Next, our extensive experimental work on transplantation of
animal fetal brain cells in Moscow led to a discovery of clinical
effectiveness of their intrathecal implantation(!).
Then Saveliev and his team began search for reasons for major
failure of work done in Mexico,
Sweden, Germany and U.S.A.
The initial findings were:
1)
in
order to establish synaptic connection with host neurons, it is mandatory
to transplant animal fetal brain cells with well known and pre-determined
properties;
we learned that human fetal brain
cells were not the only cells to accomplish that goal - on the contrary,
the animal fetal brain cells were much more suitable for such purpose;
2)
transplanted cells must be highly metabolically active,
and here we learned, that
human fetal brain cells alone cannot fulfill such requirement,
other kinds of brain cells of non-human origin must be added; 3) transplanted brain cells must be strongly genetically pre-set in their direction of differentiation.

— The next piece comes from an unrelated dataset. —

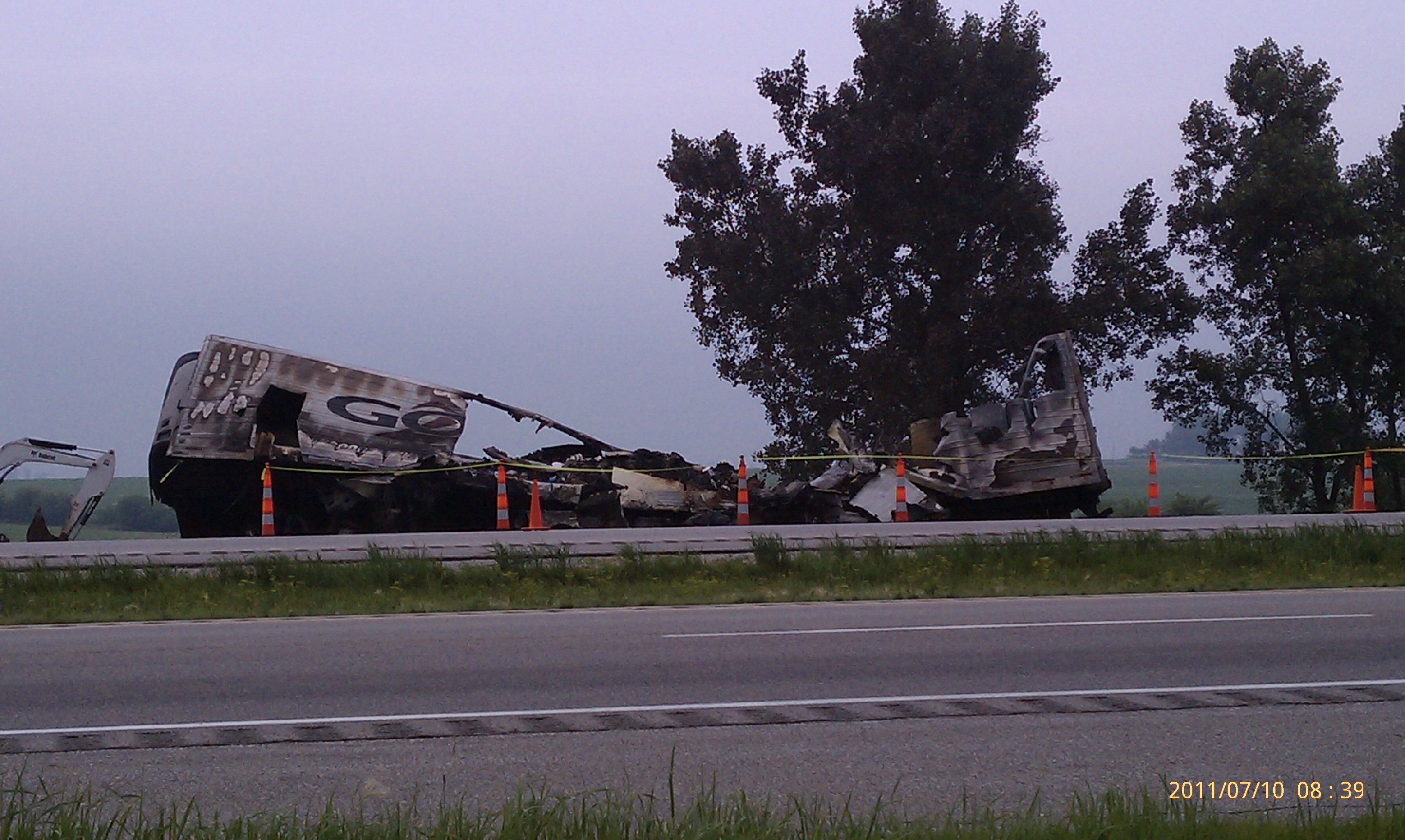 The blaze occurred just east of the westbound I-80 exit-ramp at Exit 86 (Hwy 25), two-miles west of Menlo. A detour was established while the wreck was being cleared up. The incident happened at around 3:42-p.m.

The implanted brain cell transplants must be alive (with a guarantee) in
order to be therapeutically effective. Without life, there can be no
success with fetal brain cell transplantation treatment! A lot of information was obtained from more than 100 hopeless patients in coma due to gunshot wounds of the brain. They all were treated by intrathecal implantation of fetal brain cell transplantation, and after their death, subjected to a detailed autopsy of the brain: nothing unusual was found, in particular there was no evidence of obstructive hydrocephalus, so that there was a complete patency of foramina Magendie and Luschkae.
For a comparison, in comatose patients with diseases of the brain the
recovery after fetal brain cell transplantation was the usual outcome.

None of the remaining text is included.